Assignment
Repeat, exactly as written, all of the entries, but not their pictures.

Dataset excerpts
------------------------------------------------------------------------

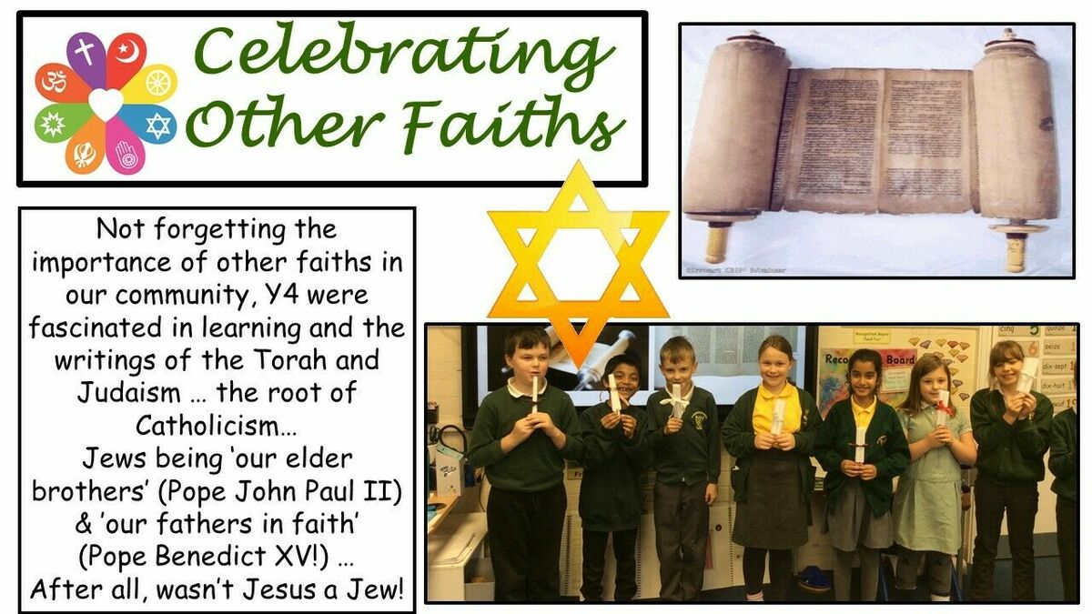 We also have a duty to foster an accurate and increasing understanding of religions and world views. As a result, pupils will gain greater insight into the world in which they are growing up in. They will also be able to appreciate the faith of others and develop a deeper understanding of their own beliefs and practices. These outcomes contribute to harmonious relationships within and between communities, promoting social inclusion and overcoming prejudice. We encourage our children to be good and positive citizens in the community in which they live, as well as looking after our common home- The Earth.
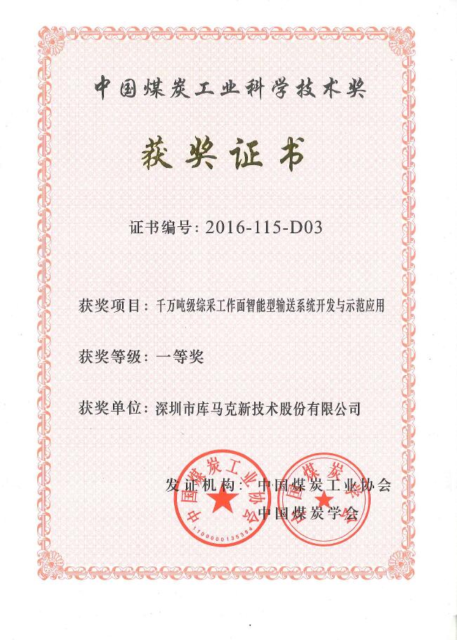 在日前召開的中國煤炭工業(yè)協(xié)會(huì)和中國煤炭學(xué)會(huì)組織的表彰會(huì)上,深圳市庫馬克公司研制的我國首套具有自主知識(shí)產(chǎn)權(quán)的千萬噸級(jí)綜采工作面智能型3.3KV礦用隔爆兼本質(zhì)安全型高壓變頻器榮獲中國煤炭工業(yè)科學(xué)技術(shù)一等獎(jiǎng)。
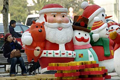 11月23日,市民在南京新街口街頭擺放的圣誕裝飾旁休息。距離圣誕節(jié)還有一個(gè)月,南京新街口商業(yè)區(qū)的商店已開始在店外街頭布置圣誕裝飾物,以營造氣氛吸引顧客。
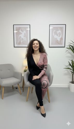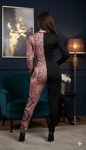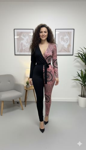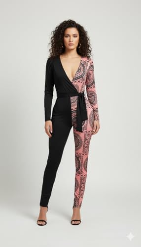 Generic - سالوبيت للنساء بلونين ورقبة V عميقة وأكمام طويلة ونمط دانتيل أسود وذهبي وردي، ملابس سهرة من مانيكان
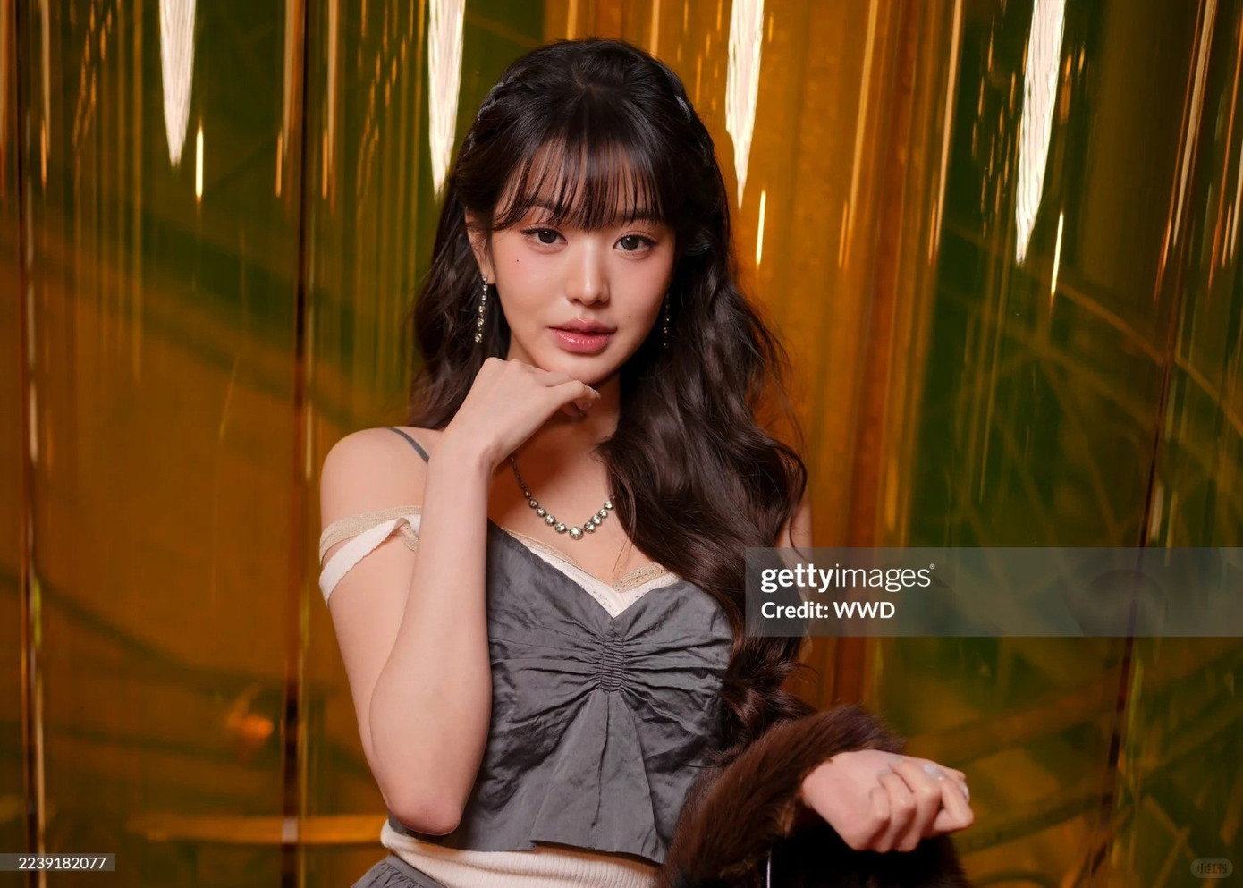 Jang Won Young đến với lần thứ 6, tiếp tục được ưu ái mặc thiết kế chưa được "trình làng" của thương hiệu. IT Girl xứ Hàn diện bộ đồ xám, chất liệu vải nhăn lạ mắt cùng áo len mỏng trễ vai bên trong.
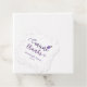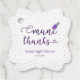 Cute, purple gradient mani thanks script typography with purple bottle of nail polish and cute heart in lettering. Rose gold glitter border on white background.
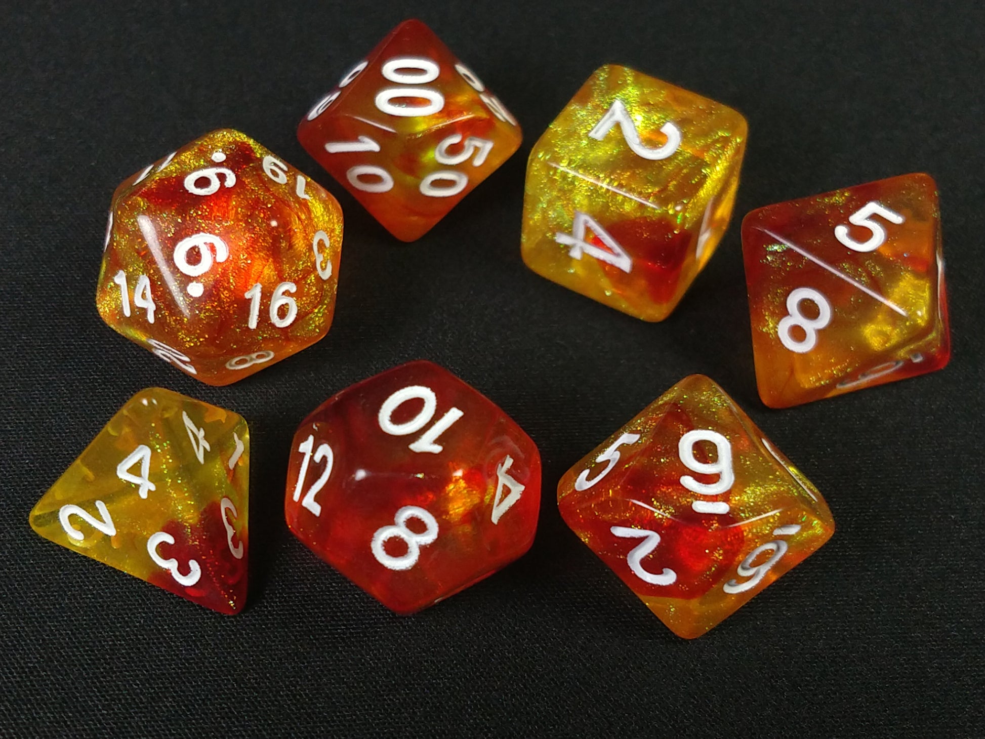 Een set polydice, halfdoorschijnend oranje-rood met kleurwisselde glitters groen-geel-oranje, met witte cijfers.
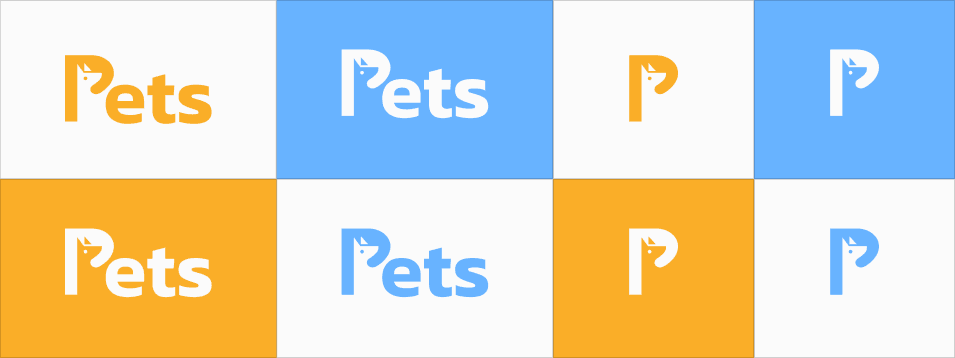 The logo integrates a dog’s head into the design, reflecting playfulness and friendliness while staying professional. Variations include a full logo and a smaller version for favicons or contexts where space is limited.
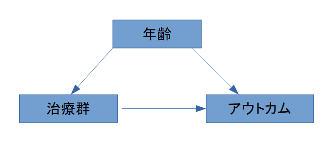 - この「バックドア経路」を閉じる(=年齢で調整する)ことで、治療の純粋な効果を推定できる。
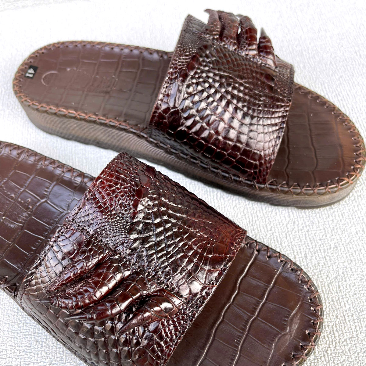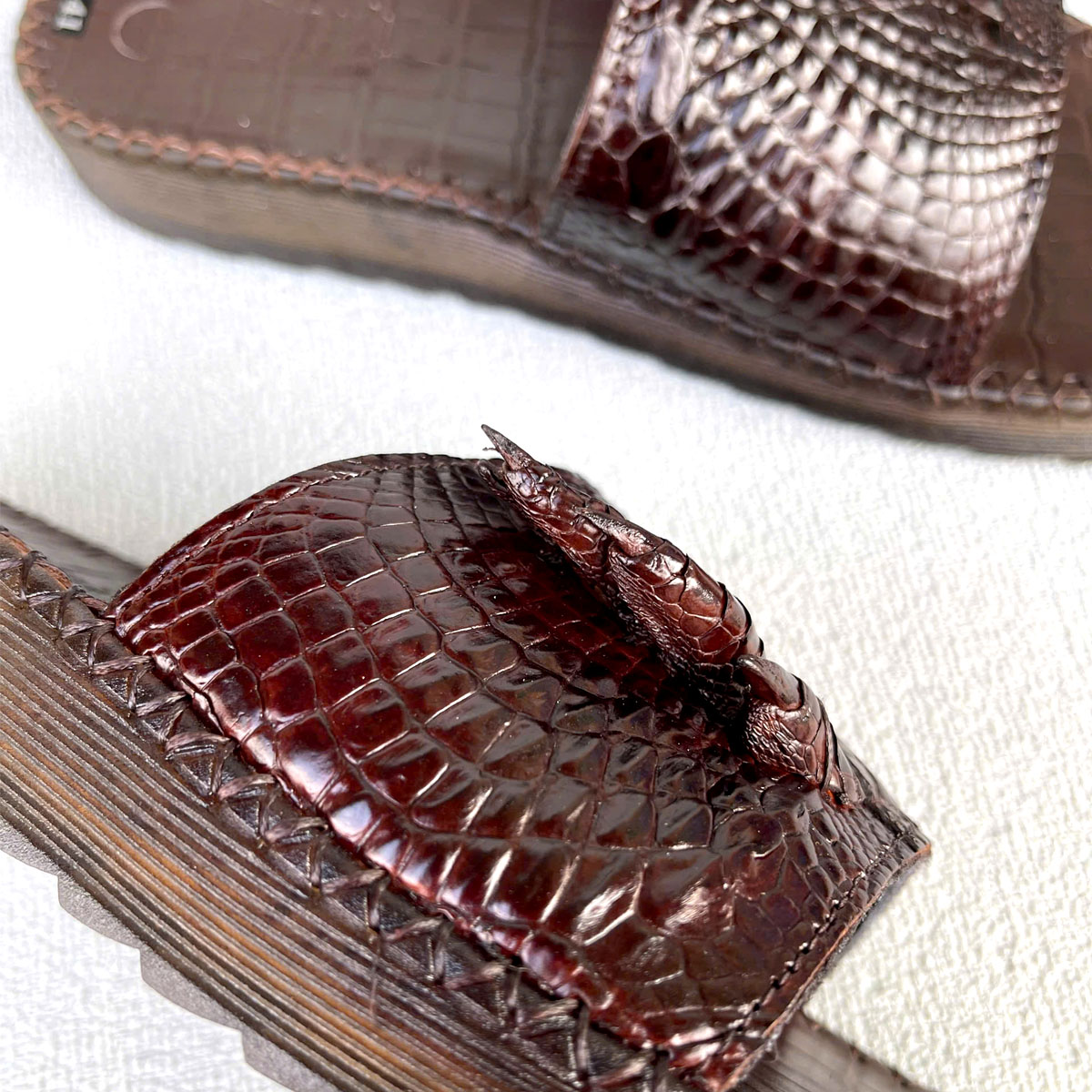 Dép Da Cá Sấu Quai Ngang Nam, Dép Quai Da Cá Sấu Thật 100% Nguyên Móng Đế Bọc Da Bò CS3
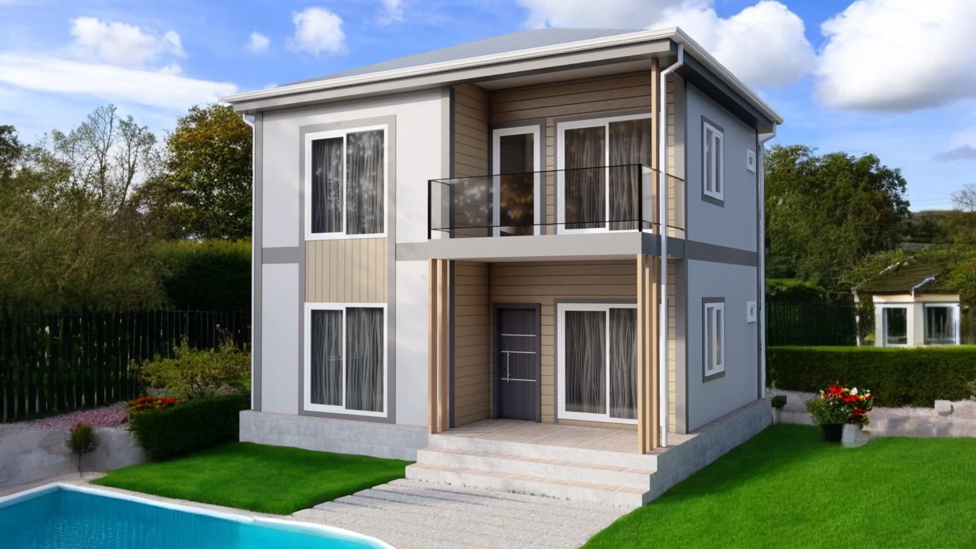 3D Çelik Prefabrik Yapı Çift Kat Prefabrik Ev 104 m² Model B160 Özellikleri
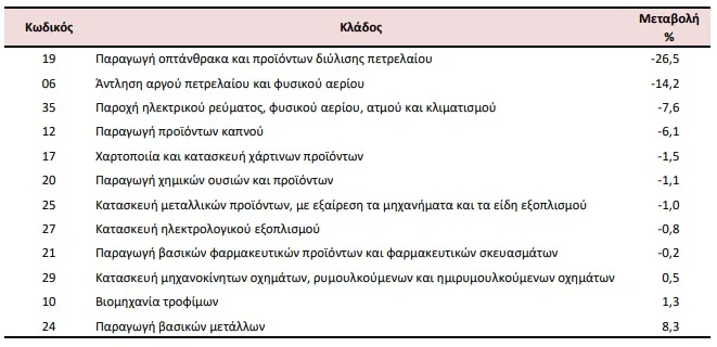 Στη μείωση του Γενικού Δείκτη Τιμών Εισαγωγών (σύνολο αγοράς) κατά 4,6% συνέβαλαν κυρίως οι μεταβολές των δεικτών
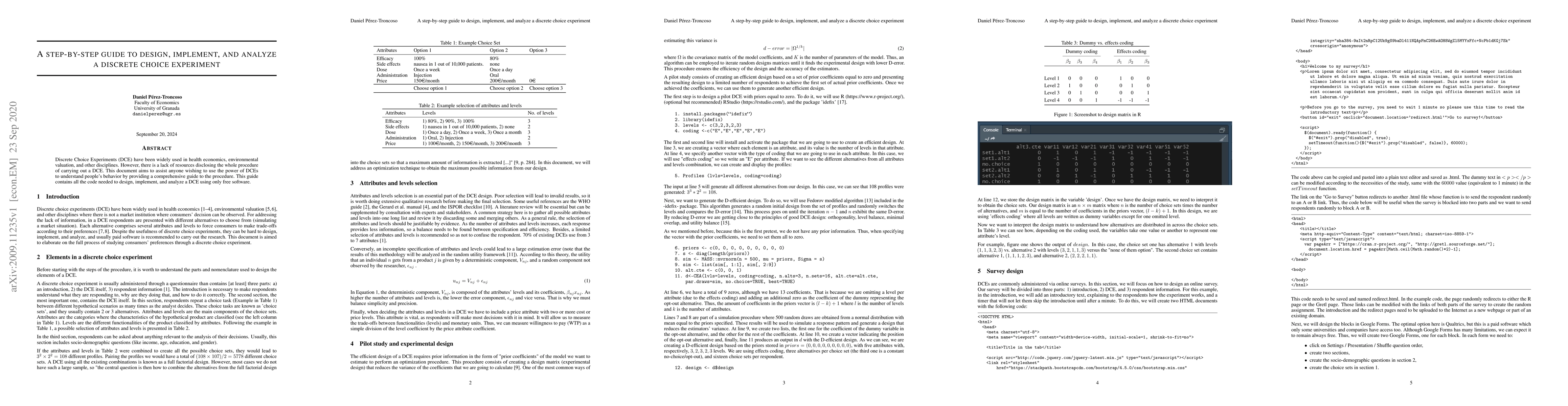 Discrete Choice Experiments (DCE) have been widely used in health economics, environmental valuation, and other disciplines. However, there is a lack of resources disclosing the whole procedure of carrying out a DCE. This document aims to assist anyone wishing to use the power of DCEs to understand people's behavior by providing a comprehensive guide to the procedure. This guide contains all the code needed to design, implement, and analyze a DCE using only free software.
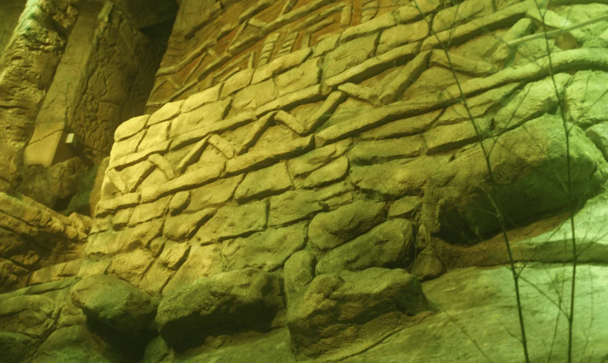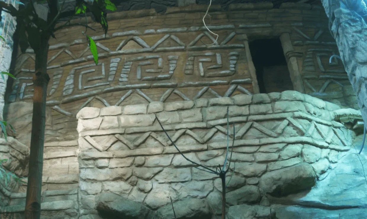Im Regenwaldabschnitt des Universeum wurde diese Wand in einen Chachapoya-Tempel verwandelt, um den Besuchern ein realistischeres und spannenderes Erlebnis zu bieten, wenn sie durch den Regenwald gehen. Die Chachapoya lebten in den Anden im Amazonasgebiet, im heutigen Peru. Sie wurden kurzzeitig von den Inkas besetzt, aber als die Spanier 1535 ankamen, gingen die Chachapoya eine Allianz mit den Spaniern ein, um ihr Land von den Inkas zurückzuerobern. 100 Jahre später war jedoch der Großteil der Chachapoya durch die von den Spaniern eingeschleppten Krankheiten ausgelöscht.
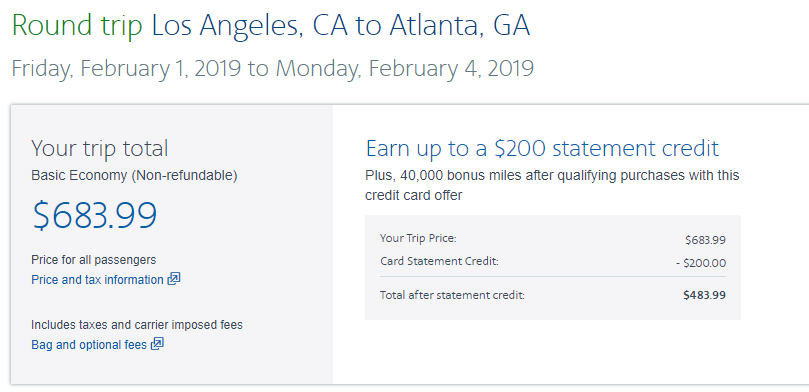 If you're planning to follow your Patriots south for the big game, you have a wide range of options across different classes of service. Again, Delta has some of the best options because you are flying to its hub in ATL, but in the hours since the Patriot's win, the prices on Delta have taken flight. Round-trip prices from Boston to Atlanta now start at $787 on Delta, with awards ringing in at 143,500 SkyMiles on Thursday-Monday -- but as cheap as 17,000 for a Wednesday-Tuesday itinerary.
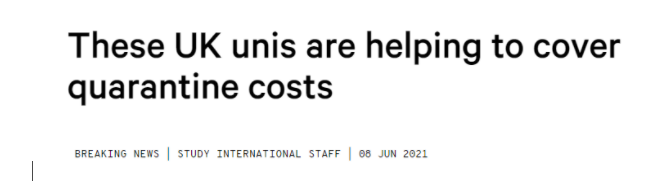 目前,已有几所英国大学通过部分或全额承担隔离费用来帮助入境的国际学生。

------------------------------------------------------------------------

Exercise response
 We also have a duty to foster an accurate and increasing understanding of religions and world views. As a result, pupils will gain greater insight into the world in which they are growing up in. They will also be able to appreciate the faith of others and develop a deeper understanding of their own beliefs and practices. These outcomes contribute to harmonious relationships within and between communities, promoting social inclusion and overcoming prejudice. We encourage our children to be good and positive citizens in the community in which they live, as well as looking after our common home- The Earth.
 在日前召開的中國煤炭工業(yè)協(xié)會(huì)和中國煤炭學(xué)會(huì)組織的表彰會(huì)上,深圳市庫馬克公司研制的我國首套具有自主知識(shí)產(chǎn)權(quán)的千萬噸級(jí)綜采工作面智能型3.3KV礦用隔爆兼本質(zhì)安全型高壓變頻器榮獲中國煤炭工業(yè)科學(xué)技術(shù)一等獎(jiǎng)。
 11月23日,市民在南京新街口街頭擺放的圣誕裝飾旁休息。距離圣誕節(jié)還有一個(gè)月,南京新街口商業(yè)區(qū)的商店已開始在店外街頭布置圣誕裝飾物,以營造氣氛吸引顧客。
 Generic - سالوبيت للنساء بلونين ورقبة V عميقة وأكمام طويلة ونمط دانتيل أسود وذهبي وردي، ملابس سهرة من مانيكان
 Jang Won Young đến với lần thứ 6, tiếp tục được ưu ái mặc thiết kế chưa được "trình làng" của thương hiệu. IT Girl xứ Hàn diện bộ đồ xám, chất liệu vải nhăn lạ mắt cùng áo len mỏng trễ vai bên trong.
 Cute, purple gradient mani thanks script typography with purple bottle of nail polish and cute heart in lettering. Rose gold glitter border on white background.
 Een set polydice, halfdoorschijnend oranje-rood met kleurwisselde glitters groen-geel-oranje, met witte cijfers.
 The logo integrates a dog’s head into the design, reflecting playfulness and friendliness while staying professional. Variations include a full logo and a smaller version for favicons or contexts where space is limited.
 - この「バックドア経路」を閉じる(=年齢で調整する)ことで、治療の純粋な効果を推定できる。
 Dép Da Cá Sấu Quai Ngang Nam, Dép Quai Da Cá Sấu Thật 100% Nguyên Móng Đế Bọc Da Bò CS3
 3D Çelik Prefabrik Yapı Çift Kat Prefabrik Ev 104 m² Model B160 Özellikleri
 Στη μείωση του Γενικού Δείκτη Τιμών Εισαγωγών (σύνολο αγοράς) κατά 4,6% συνέβαλαν κυρίως οι μεταβολές των δεικτών
 Discrete Choice Experiments (DCE) have been widely used in health economics, environmental valuation, and other disciplines. However, there is a lack of resources disclosing the whole procedure of carrying out a DCE. This document aims to assist anyone wishing to use the power of DCEs to understand people's behavior by providing a comprehensive guide to the procedure. This guide contains all the code needed to design, implement, and analyze a DCE using only free software.
Im Regenwaldabschnitt des Universeum wurde diese Wand in einen Chachapoya-Tempel verwandelt, um den Besuchern ein realistischeres und spannenderes Erlebnis zu bieten, wenn sie durch den Regenwald gehen. Die Chachapoya lebten in den Anden im Amazonasgebiet, im heutigen Peru. Sie wurden kurzzeitig von den Inkas besetzt, aber als die Spanier 1535 ankamen, gingen die Chachapoya eine Allianz mit den Spaniern ein, um ihr Land von den Inkas zurückzuerobern. 100 Jahre später war jedoch der Großteil der Chachapoya durch die von den Spaniern eingeschleppten Krankheiten ausgelöscht.
 If you're planning to follow your Patriots south for the big game, you have a wide range of options across different classes of service. Again, Delta has some of the best options because you are flying to its hub in ATL, but in the hours since the Patriot's win, the prices on Delta have taken flight. Round-trip prices from Boston to Atlanta now start at $787 on Delta, with awards ringing in at 143,500 SkyMiles on Thursday-Monday -- but as cheap as 17,000 for a Wednesday-Tuesday itinerary.
 目前,已有几所英国大学通过部分或全额承担隔离费用来帮助入境的国际学生。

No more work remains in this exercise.